§ **Work instructions**
Restate word for word the lines below from the one that has "③鞆いたがき【革製品】" through the one that has "Foto 2: Reparación", keeping both and dropping all pictures.

§ **Provided entries**
========================================

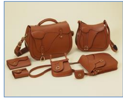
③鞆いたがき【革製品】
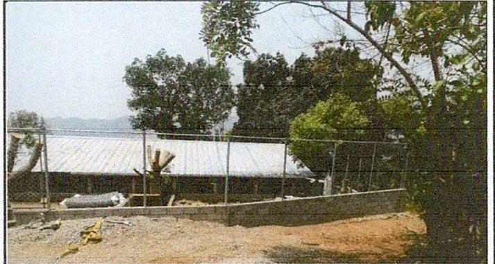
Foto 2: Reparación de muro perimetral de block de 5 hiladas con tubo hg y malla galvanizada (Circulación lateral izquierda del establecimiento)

========================================

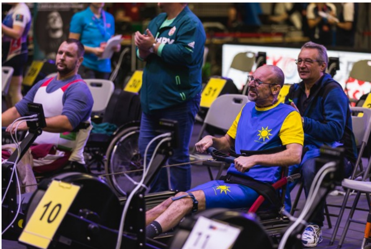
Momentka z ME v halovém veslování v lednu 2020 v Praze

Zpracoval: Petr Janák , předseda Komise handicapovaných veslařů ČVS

========================================

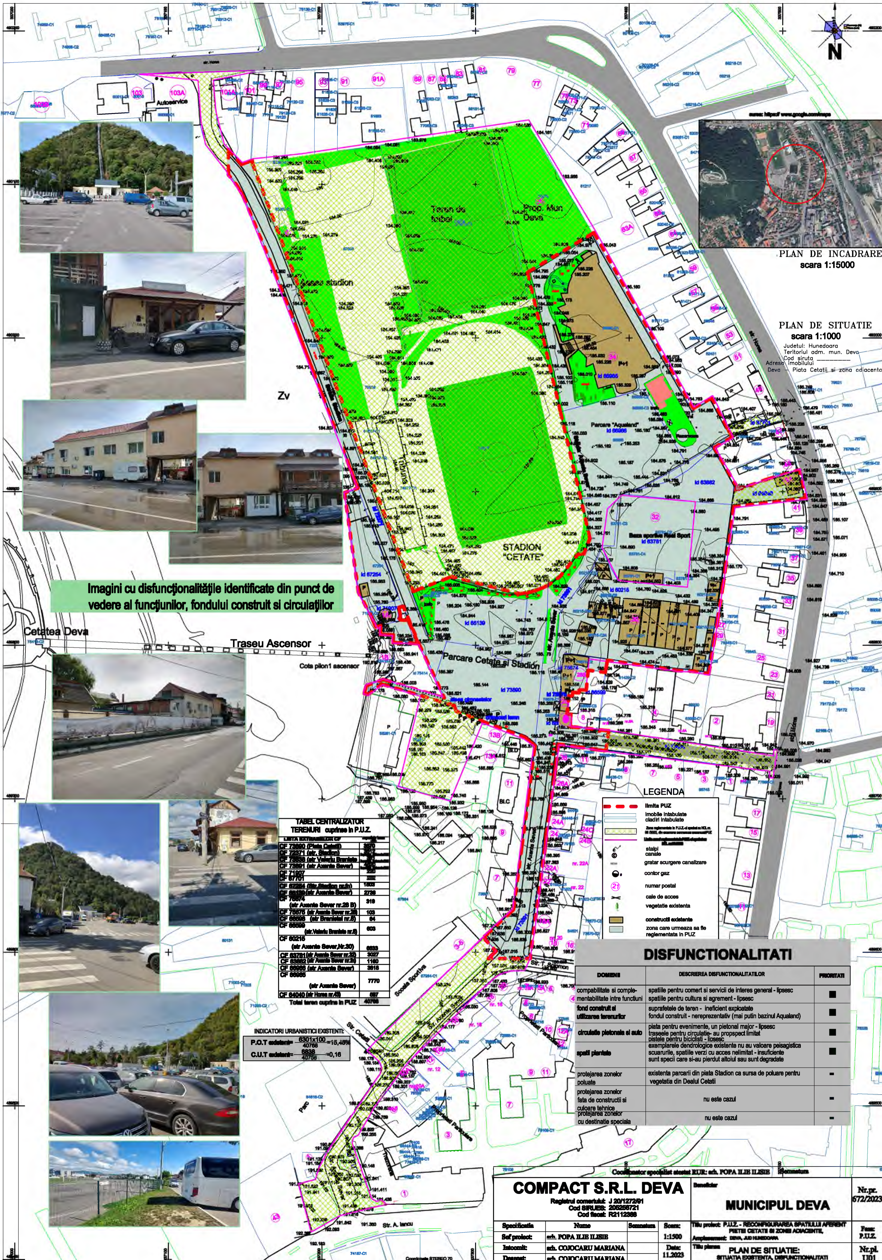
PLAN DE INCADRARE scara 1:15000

========================================

§ **Exercise answer**
③鞆いたがき【革製品】
Foto 2: Reparación de muro perimetral de block de 5 hiladas con tubo hg y malla galvanizada (Circulación lateral izquierda del establecimiento)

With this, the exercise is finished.